Single-shot vs chain API

Coming so far, I need to mention that the library features additonal computing mode as well - the chain API, which allows for executing virtually infinite operations on the data in our GPU before moving the data back to CPU. The motivation behind introducing such API is that usually the overhead which comes from moving the data to and fro the GPU.

The difference between these two APIs is shown in the picture below: api_flow

The crucial difference is in the usage of two FBO textures and swapping between them after each call + copying data from the output of last FBO to the input texture of next operation. After all operations are performed, the data is finally read out and converted as in the usual case.

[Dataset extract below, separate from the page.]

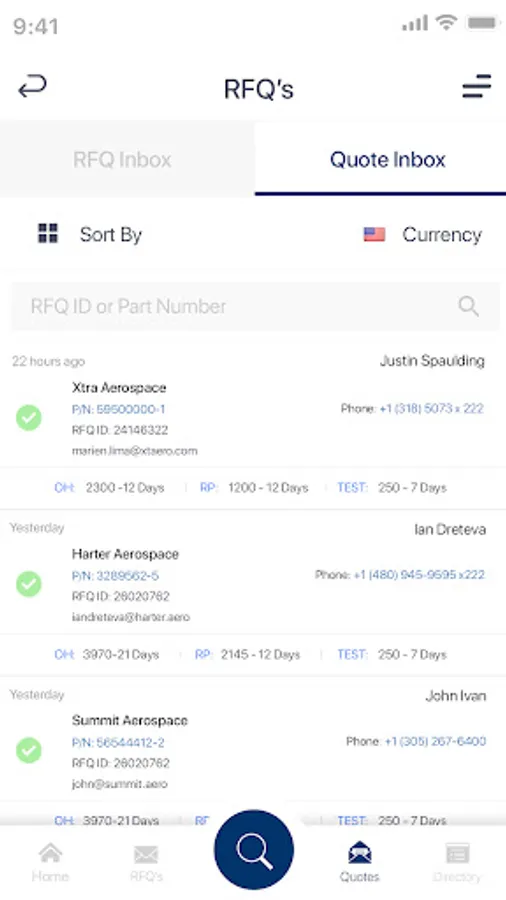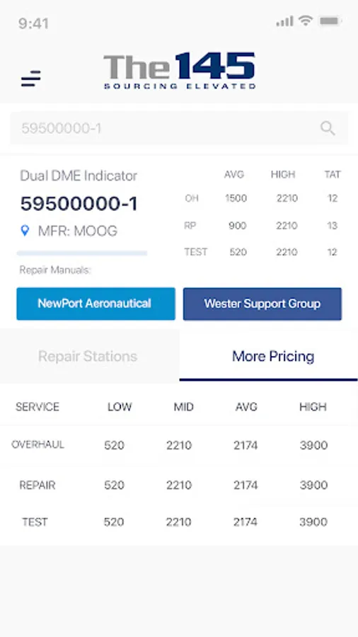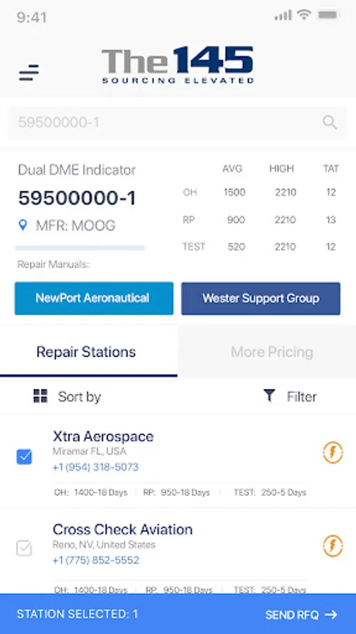 The 145’s mobile app provides users with a quick and easy way to find aircraft component repair sources, reviewing industry average repair cost data, average turn-around-time and the ability to send, receive and quote RFQs while on the go.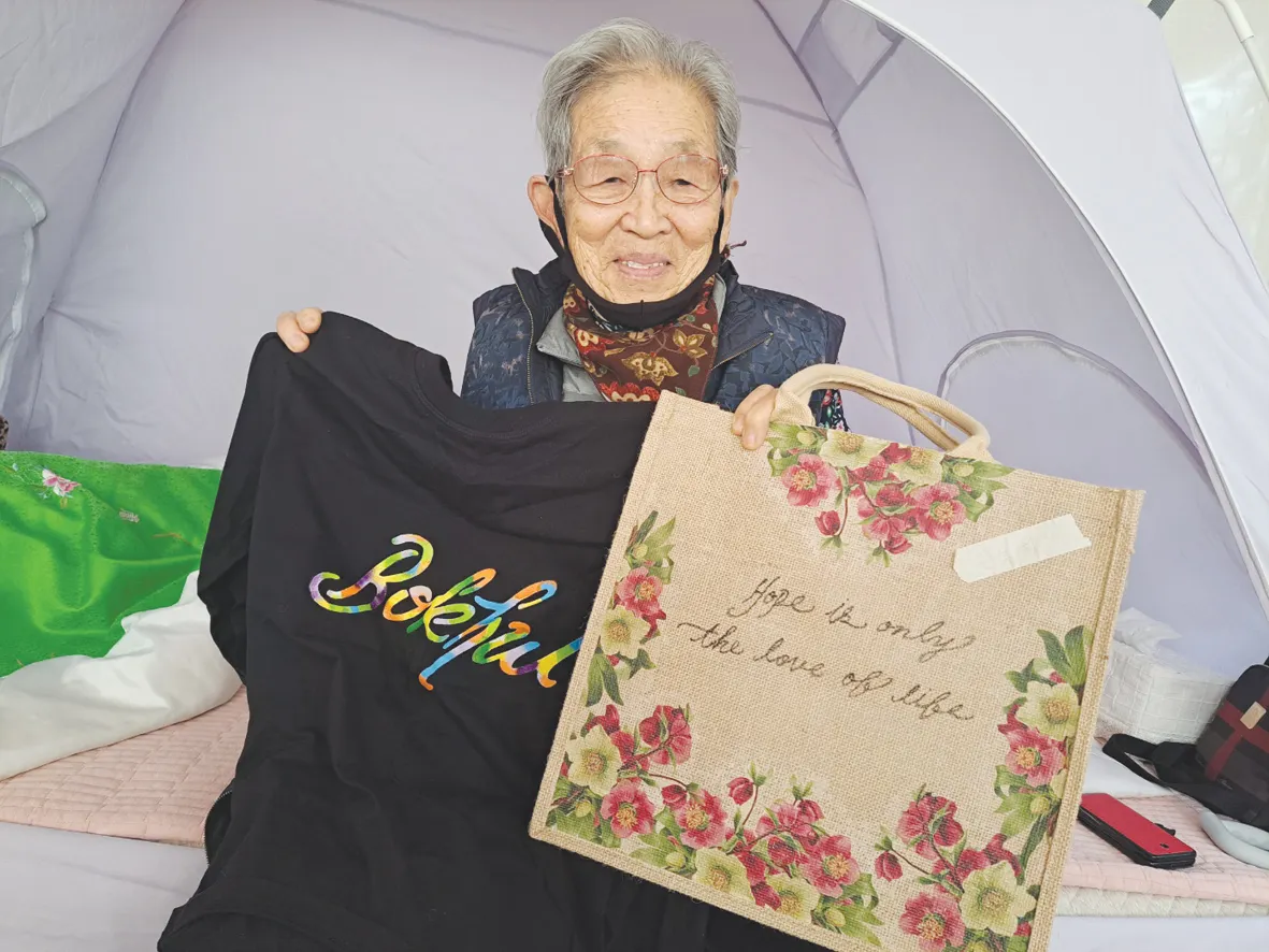 “댄스 수업을 안 하고 있으니까 몸이 찌뿌둥해서 안되겠뜨마. 우리들끼리 이야기해서 돈을 모아서 주기로 하고 부탁을 했제! 누가 찾아와서 이렇게 같이 하니까 얼매나 좋아. 한글 수업도 재미나. 쌍받침이나 어려운 건 몰랐는디 되새겨서 새로 배우니까 여엉 좋단께, 마음이! 그 시간이 기다려지고. 수업을 일주일에 두 번 했으면 좋것어. 1월, 2월도 하고 말이여. 차 딸 때는 바빠서 공부 못허지만. 우리 한글 선생님이 떡 맹그러 가져다주지, 고추 가져가서 빻아다가 가져다주고, 들깨도 짜다가 가져다 주제. 얼마나 고마븐지 몰라. 한번은 고전 어디 가서 옷에 내 이름 글자도 붙이고, 가방도 만들고 구경도 다니고 했다니까. 마술쇼도 해주고”

The API has to be called in a particular way, which is shown below:

// construct the computation chain
EOperation ops[] = { ADD_SCALAR_FLOAT, ADD_SCALAR_FLOAT };
UOperationPayloadFloat* payload = malloc(2 * sizeof(UOperationPayloadFloat));
payload[0].s = 2.0;
payload[1].s = 2.0;
if (gpgpu_chain_apply_float(ops, payload, 2, a1, res) != 0)
	printf("Could not do the chain computation\n");

Where payload type is an union:

typedef union
{
    float s;
    float* arr;
    int n; // kernel size
} UOperationPayloadFloat;

Some operations, like 2D convolution require two slots in the payload, and this is boldly stated in the documentation.

The differences and benchmarks from running both APIs and different operations are available in this blog post.

Conclusion

Hopefully this post achieved what it was meant to do - explain more precisely what and how happens under the hood of this library. Equipped with this knowledge you can probably help expand this library or even develop your GPGPU solutions if you don’t plan to use OpenGL as the backend for computations.